Véritable hymne à l’amour qui laisse libre cours à l’expression du bonheur et du désir féminin, ce premier recueil de tanka (poèmes de trente et une syllabes) de la jeune Yosano Akiko (1878-1942), par l’audace de son écriture, frappe de stupeur le monde littéraire japonais lors de sa parution en 1901. En rupture avec les conventions poétiques classiques mais aussi avec la réserve attendue des femmes de l’époque, ces quelque 399 poèmes chantent la passion naissante de l’auteur pour son futur mari, Yosano Tekkan (1873-1935), poète lui aussi.

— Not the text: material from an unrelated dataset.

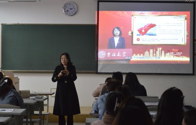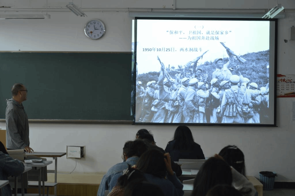 孔元元老师作为一名党员,首先对入党积极分子讲述了作为党员必须做到的要求,以此来约束同学们的行为举止。紧接着向同学们讲述了《新时代高校教师职业行为十项准则》并向老师提出共勉“作为一名教师,我们应结合教书育人实践,增强行动自觉,做以德立身、以德立学、以德施教、以德育德的楷模”。张辉老师讲述的是致最可爱的人——抗美援朝精神。张辉老师通过讲述自己身边参加过抗美援朝的人和抗美援朝战争的故事,深刻表达出了抗美援朝战争中的爱国主义精神和为和平、为正义的精神。张辉老师通过歌曲《我的祖国》的一句歌词“一条大河波浪宽”中的“大河”,引发了同学们的思考,并说出了他认为的大河就是祖国和人民。
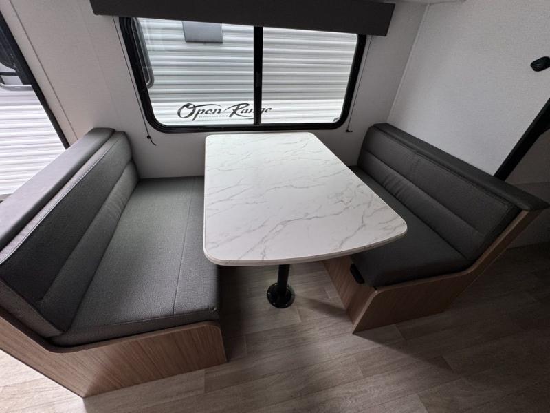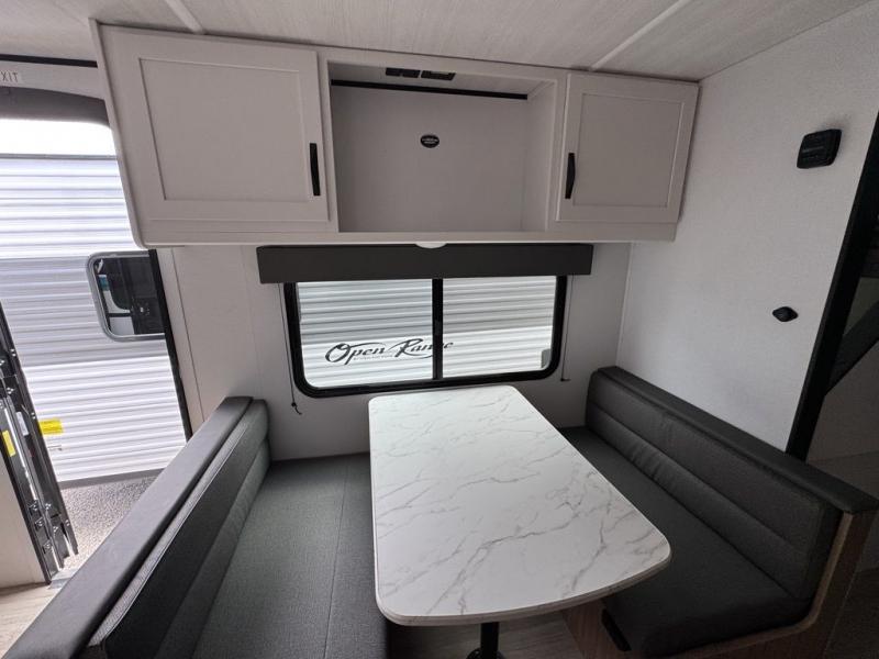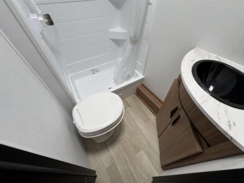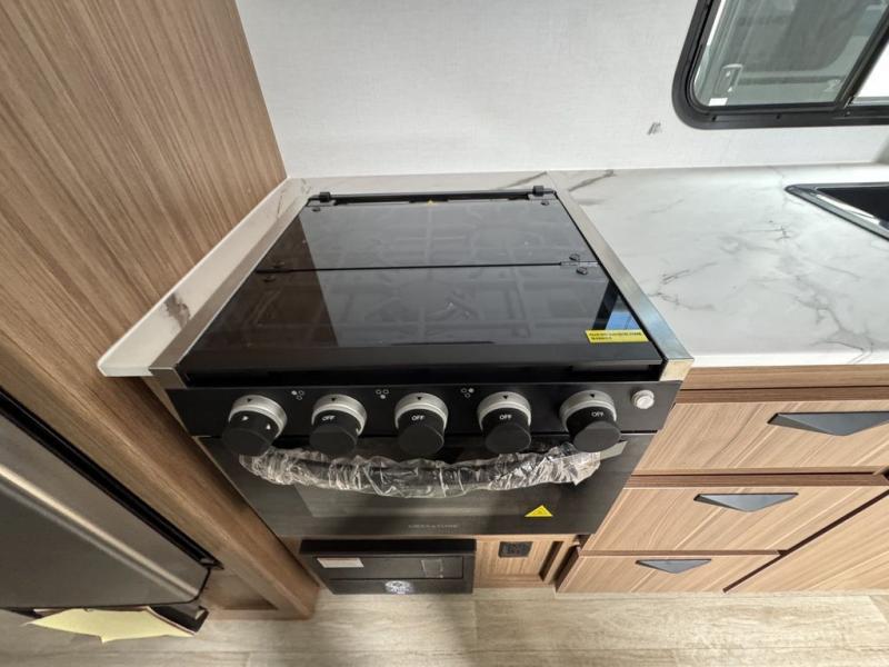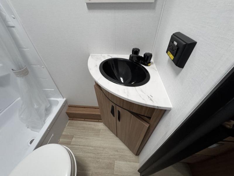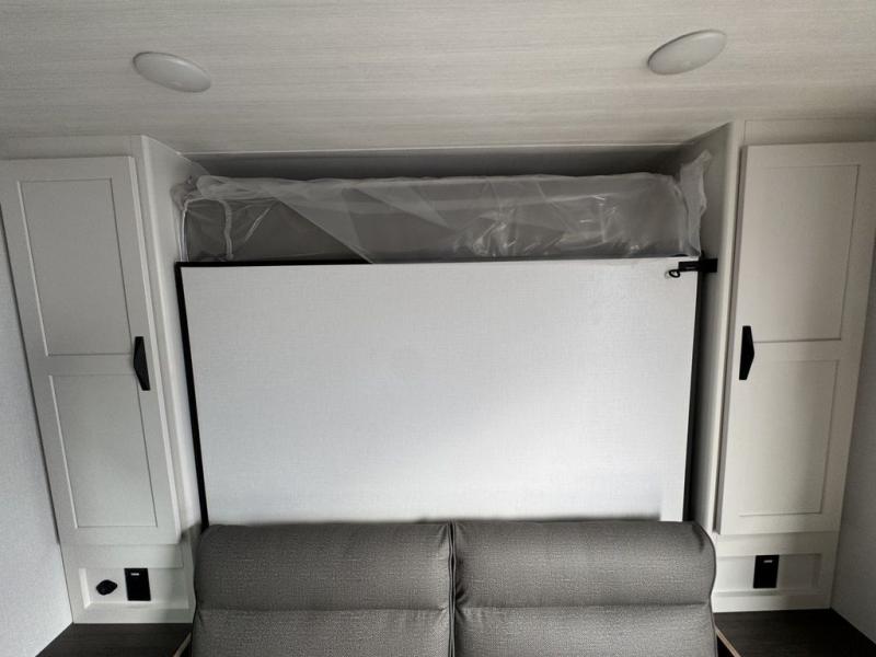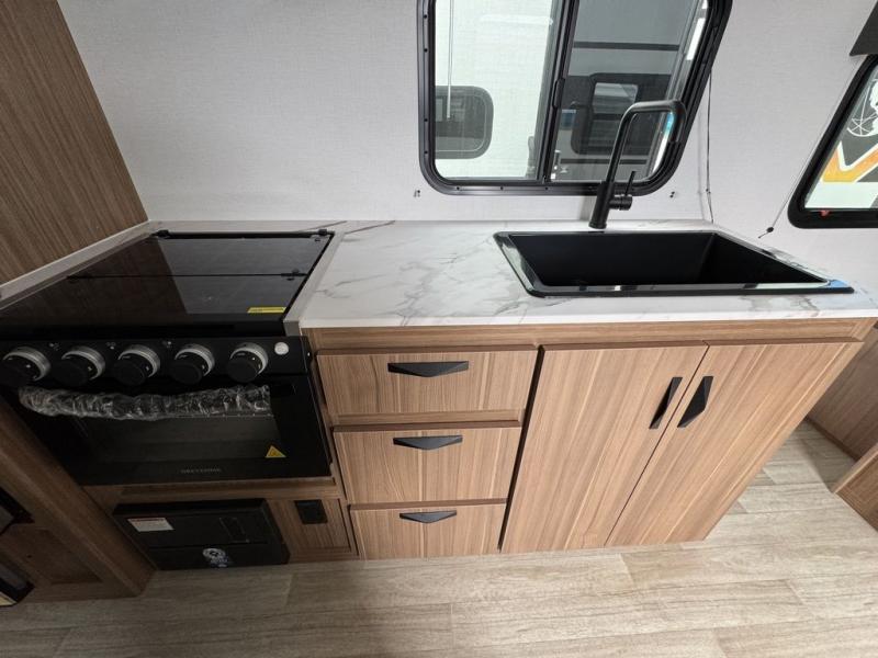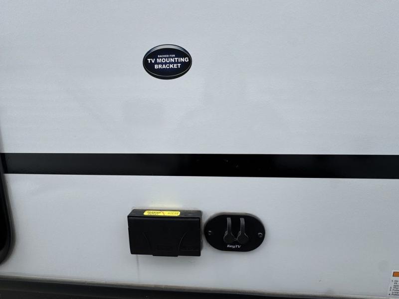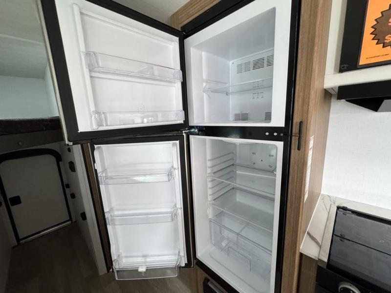 Your kids will love this travel trailer! The double-size bunks provide comfortable sleeping quarters, while the booth dinette offers a cozy spot for meals and relaxation. The full bathroom features everything you need to take care of yourself and is convenient on the go, plus, a refrigerator, microwave, and two-burner cooktop make meal prep a breeze. The overhead cabinets and pantry provide ample storage for your favorite spices and belongings. Moreover, the murphy bed offers additional sleeping space, and the wardrobe and nightstand on each side of the bed provide convenient storage and comfort. On the outside, you will find A 17' awning that provides shade and protection, while pass-thru storage offers additional space for gear and equipment.

Cette œuvre capitale, traduite pour la première fois en intégralité, inaugure la longue et prolifique carrière de la plus grande femme poète du Japon moderne, qui occupe également par son engagement une place de tout premier ordre dans l’histoire de l’émancipation féminine au Japon.

LILY Franky

La Tour de Tokyo : maman, moi, et papa de temps en temps Trad. par Patrick Honnoré Arles : Éditions Philippe Picquier, 2010. 400p.

Premier roman de Lily Franky alias Nakagawa Masaya, star de la scène rock japonaise, ce livre énergique, poignant hommage à sa mère, est le récit de ses années d’enfance, puis d’errance à Tôkyô. Enfance insouciante entre un père violent, looser indécrottable, et une mère forte et généreuse. Et, pivot symbolique du monde moderne, la Tour de Tôkyô : elle attire les jeunes provinciaux, tels des insectes qui se perdent dans le tourbillon infernal de la capitale et s’y brûlent les ailes. Ce livre est devenu l’emblème d’une génération : celle qui eut 20 ans dans les années 80, qui ne s’est jamais reconnue à travers l’idéologie du « miracle » japonais et a refusé de rentrer dans le rang. Serti dans une langue orale spontanée, efficace et poétique, ce roman parsemé de petites leçons de vie entraîne d’emblée le lecteur et le tient entre rires et pleurs jusqu’à la dernière page.